# Sage Oracle Touch



## deZoo (Sep 21, 2021)

I have just joined this forum, looks like it contains a wealth of information and I'm looking forward to learning a lot from here.

Wanted to share my experience of the Sage Oracle Touch, we bought this machine early in lockdown because whilst going to Costa was getting me out of the house, I couldn't bear to drink the stuff. It took a while for me to get the best out of the Touch but when it made a good coffee it was very enjoyable and we really appreciated having it in the house.

After a while the readings on the grinder went a bit daft, you would turn the grinder wheel and the settings would randomly keep rising/falling. A visit by en engineer who replaced the electronic reader solved that.
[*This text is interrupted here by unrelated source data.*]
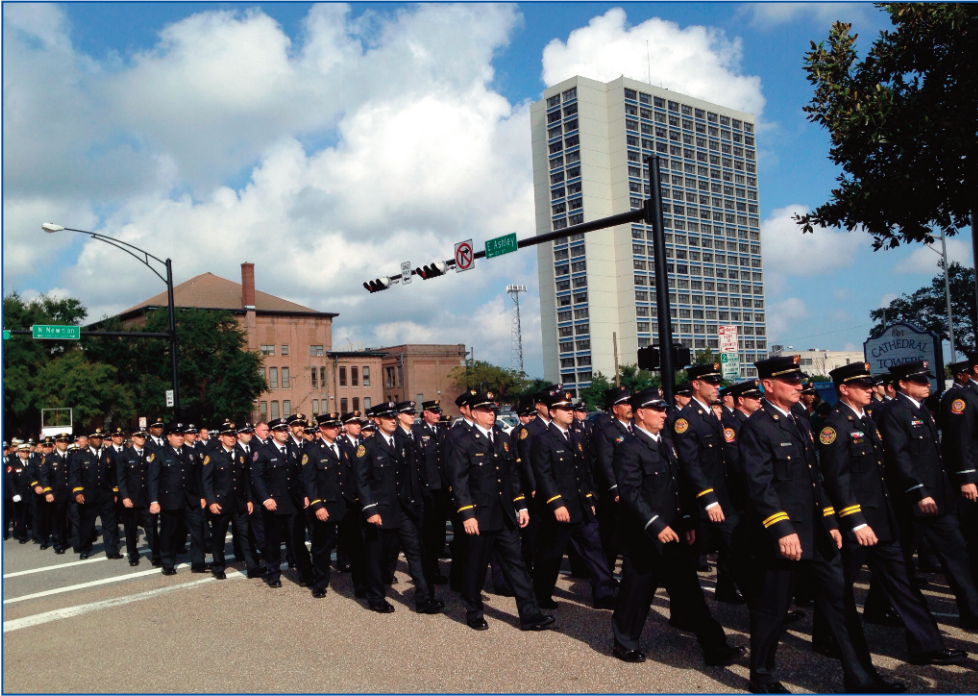
Eastbound on Ashley Street.
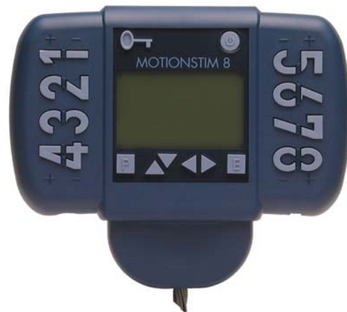
Figure 1: Stimulator MOTIONSTIM8

Heart of the Stimulator is a Hitachi 32 Bit microcontroller (H8S/2633, 4MB RAM, 11
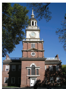
Independence Hall in Philadelphia.

When our founding fathers gathered to create a new country, many of their meetings took place in Philadelphia. Revolutionaries met before, during and after the Revolutionary War at different places in Philadelphia. Later, the city was the new nation's capital for 10 years while Washington, D.C., was being built.
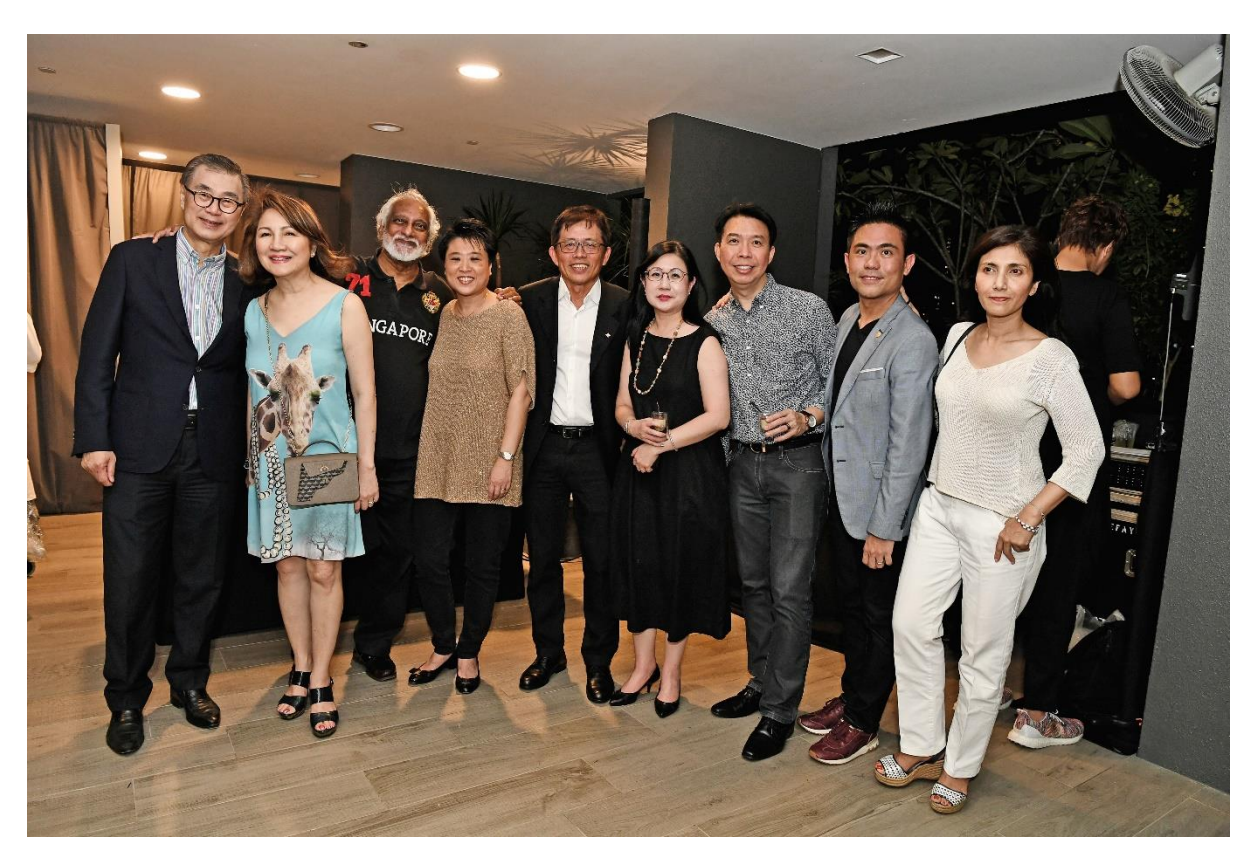
Representatives from Bukit Sembawang and Frasers Hospitality

As is noted by many users, when switching the machine off and on again the grind setting reading can change. I started to engage support who said this was normal and related to how the machine rounded up or down. This struck me a incredibly bad design because why round up one minute and down the next? Anyway it was dismissed as 'as designed'. So I started experimenting on the actual effect of different grind sizes on the screen to see if they affected the grind. Below is what I found and shared with Sage. The hopper was full throughout, everything was washed and reweighed between each brew:

Machine switched on.

Manually set to 17:

Coffee ground weight 21g

Liquid coffee weight 32g

Manually set to 18:

Coffee ground weight 21g

Liquid coffee weight 35g

Manually set to 19:

Coffee ground weight 20g

Liquid coffee weight 62g

Machine switched off and on again, now reads grind setting 20

Coffee ground weight 20g

Liquid coffee weight 58g

Manually set again to 19:

Coffee ground weight 22g

Liquid coffee weight 34g

There are 45 grind setting on this machine so a jump from 35g to 62g on one setting change is extraordinary, also note that on the same grind setting I got a 62g shot and a 34g shot.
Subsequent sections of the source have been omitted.